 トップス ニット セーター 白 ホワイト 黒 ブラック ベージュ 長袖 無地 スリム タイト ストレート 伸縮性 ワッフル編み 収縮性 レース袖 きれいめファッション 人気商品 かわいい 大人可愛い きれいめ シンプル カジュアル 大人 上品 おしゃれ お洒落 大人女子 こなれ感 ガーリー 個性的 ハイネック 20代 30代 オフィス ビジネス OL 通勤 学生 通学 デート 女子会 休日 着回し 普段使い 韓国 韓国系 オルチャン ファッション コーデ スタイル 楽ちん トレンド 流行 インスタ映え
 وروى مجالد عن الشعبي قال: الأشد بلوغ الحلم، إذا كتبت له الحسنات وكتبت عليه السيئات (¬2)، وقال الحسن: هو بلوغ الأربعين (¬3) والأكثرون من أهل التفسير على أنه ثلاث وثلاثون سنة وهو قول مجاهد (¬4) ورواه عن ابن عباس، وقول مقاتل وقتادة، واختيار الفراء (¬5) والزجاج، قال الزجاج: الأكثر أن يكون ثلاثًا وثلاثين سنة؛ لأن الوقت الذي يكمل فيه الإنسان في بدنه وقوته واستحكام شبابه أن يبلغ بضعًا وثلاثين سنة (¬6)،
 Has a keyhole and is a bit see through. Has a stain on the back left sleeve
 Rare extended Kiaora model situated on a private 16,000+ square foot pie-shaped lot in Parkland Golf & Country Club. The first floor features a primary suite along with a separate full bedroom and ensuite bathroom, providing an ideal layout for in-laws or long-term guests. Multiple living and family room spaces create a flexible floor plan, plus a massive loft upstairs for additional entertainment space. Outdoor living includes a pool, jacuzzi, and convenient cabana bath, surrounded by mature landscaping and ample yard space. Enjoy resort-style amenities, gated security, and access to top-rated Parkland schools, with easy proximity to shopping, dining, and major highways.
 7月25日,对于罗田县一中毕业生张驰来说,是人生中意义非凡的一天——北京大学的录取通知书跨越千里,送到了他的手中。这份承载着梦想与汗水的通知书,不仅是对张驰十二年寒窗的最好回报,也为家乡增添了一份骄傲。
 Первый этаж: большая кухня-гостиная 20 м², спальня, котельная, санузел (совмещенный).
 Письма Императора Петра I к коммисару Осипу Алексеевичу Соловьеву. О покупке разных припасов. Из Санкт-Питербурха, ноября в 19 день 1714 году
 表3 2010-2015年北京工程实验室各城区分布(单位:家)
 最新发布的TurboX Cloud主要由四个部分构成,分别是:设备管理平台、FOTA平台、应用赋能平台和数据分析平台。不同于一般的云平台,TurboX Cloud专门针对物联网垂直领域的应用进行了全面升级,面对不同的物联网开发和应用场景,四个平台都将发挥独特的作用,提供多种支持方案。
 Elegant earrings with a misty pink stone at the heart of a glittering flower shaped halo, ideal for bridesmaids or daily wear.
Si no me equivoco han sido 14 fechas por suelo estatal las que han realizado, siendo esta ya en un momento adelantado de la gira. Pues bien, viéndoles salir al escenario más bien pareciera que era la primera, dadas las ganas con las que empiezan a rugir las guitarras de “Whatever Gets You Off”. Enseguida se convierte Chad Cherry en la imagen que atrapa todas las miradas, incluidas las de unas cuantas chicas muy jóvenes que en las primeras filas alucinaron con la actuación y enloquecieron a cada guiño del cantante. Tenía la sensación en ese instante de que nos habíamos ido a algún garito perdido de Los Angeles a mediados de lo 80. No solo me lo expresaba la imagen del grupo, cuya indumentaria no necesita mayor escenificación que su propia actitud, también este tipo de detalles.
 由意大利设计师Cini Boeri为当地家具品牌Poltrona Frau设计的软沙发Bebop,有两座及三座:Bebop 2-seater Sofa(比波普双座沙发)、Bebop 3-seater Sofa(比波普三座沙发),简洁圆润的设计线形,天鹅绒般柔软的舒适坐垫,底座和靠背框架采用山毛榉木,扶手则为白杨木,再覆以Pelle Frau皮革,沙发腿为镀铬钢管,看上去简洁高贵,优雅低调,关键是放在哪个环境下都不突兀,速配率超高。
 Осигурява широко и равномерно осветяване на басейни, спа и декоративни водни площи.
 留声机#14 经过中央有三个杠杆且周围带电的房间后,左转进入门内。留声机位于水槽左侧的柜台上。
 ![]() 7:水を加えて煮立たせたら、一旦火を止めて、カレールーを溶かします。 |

**WHAT THE EXERCISE ASKS**
The lines to extract from the data above begin with the line containing "وروى مجالد عن" and end with the line containing "Первый этаж: большая". Extract them exactly, including both.

**EXERCISE OUTPUT**
 وروى مجالد عن الشعبي قال: الأشد بلوغ الحلم، إذا كتبت له الحسنات وكتبت عليه السيئات (¬2)، وقال الحسن: هو بلوغ الأربعين (¬3) والأكثرون من أهل التفسير على أنه ثلاث وثلاثون سنة وهو قول مجاهد (¬4) ورواه عن ابن عباس، وقول مقاتل وقتادة، واختيار الفراء (¬5) والزجاج، قال الزجاج: الأكثر أن يكون ثلاثًا وثلاثين سنة؛ لأن الوقت الذي يكمل فيه الإنسان في بدنه وقوته واستحكام شبابه أن يبلغ بضعًا وثلاثين سنة (¬6)،
 Has a keyhole and is a bit see through. Has a stain on the back left sleeve
 Rare extended Kiaora model situated on a private 16,000+ square foot pie-shaped lot in Parkland Golf & Country Club. The first floor features a primary suite along with a separate full bedroom and ensuite bathroom, providing an ideal layout for in-laws or long-term guests. Multiple living and family room spaces create a flexible floor plan, plus a massive loft upstairs for additional entertainment space. Outdoor living includes a pool, jacuzzi, and convenient cabana bath, surrounded by mature landscaping and ample yard space. Enjoy resort-style amenities, gated security, and access to top-rated Parkland schools, with easy proximity to shopping, dining, and major highways.
 7月25日,对于罗田县一中毕业生张驰来说,是人生中意义非凡的一天——北京大学的录取通知书跨越千里,送到了他的手中。这份承载着梦想与汗水的通知书,不仅是对张驰十二年寒窗的最好回报,也为家乡增添了一份骄傲。
 Первый этаж: большая кухня-гостиная 20 м², спальня, котельная, санузел (совмещенный).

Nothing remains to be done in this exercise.